Monday, January 20, 2020

Top-Down and Bottom Up Perceptions, WRT Schizophrenia and Autism

 An older article from Scott Alexander over at Slate Star Codex, about the predictions at various levels of your brain of what you are likely to perceive, and how that interacts with your sensory data, resulting in your actual perception. I miss a lot over there, because it takes more intellectual work than I am willing to put in day after day. I like my intellectualism easy.  But when someone else references his stuff I go over and buckle down.  I am always gratified by what I find.  Steve Sailer called Alexander the greatest public intellectual to emerge in the 2010's. 
Corlett, Frith & Fletcher (2009) (henceforth CFF) expand on this idea and speculate on the biochemical substrates of each part of the process. They view perception as a “handshake” between top-down and bottom-up processing. Top-down models predict what we’re going to see, bottom-up models perceive the real world, then they meet in the middle and compare notes to calculate a prediction error. When the prediction error is low enough, it gets smoothed over into a consensus view of reality. When the prediction error is too high, it registers as salience/surprise, and we focus our attention on the stimulus involved to try to reconcile the models. If it turns out that bottom-up was right and top-down was wrong, then we adjust our priors (ie the models used by the top-down systems) and so learning occurs.
He examines the possibilities that schizophrenia is a problem of increased bottom-up signalling with decreased top-down signalling, and autism a disorder of not tolerating even small differences between top-down and bottom-up's conclusions and refusing to shake hands.
They argue that autism is a form of aberrant precision. That is, confidence intervals are too low; bottom-up sense-data cannot handshake with top-down models unless they’re almost-exactly the same. Since they rarely are, top-down models lose their ability to “smooth over” bottom-up information. The world is full of random noise that fails to cohere into any more general plan.
In the final section, Alexander sees some weaknesses in both possibilities.

If you like that sort of thing, I think this is his followup.

1 comment:

  1. Great links - this is clearly a very big onion, so to speak, and I sense that we have only uncovered the first few layers. The human body is immensely more complex than any of us truly realize.
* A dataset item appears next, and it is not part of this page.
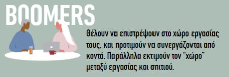 – Gen X – Boomers: Οι Gen X εκτιμούν ιδιαίτερα την παρουσία τους στον χώρο εργασίας για την καλύτερη συγκέντρωση τους και αποτελεσματική συνεργασία, μακριά από τις ευθύνες του νοικοκυριού. Οι Boomers (34%) επιλέγουν ως κύριους λόγους επιστροφής στον χώρο εργασίας την κοινωνικοποίηση και την συνεργασία
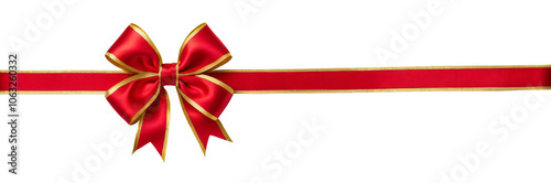 © Photonix, Fototapeta premium Red ribbon and bow with golden border for Christmas, Valentine, Anniversary, Birthday gift, present and decoration isolated on a transparent background

    In my own experience with moderate anxiety I found dietary changes and nutritional supplements (but not drugs) that seemed to improve the way my brain handled events. But I also found that I couldn't really make a lot of progress until i spent about 18 months working with a counselor on psychological aspects of what I was experiencing.

    These articles provide some explanation for my experience - chemistry changes help improve the signalling and handshakes; and the counseling is required to help reset bad "priors". I imagine this is old news to those in the profession but it's a bit of an eye-opener to me.

    BTW, I have been reading your site now for a couple of years and am enjoying working through the older posts. Keep on keeping on.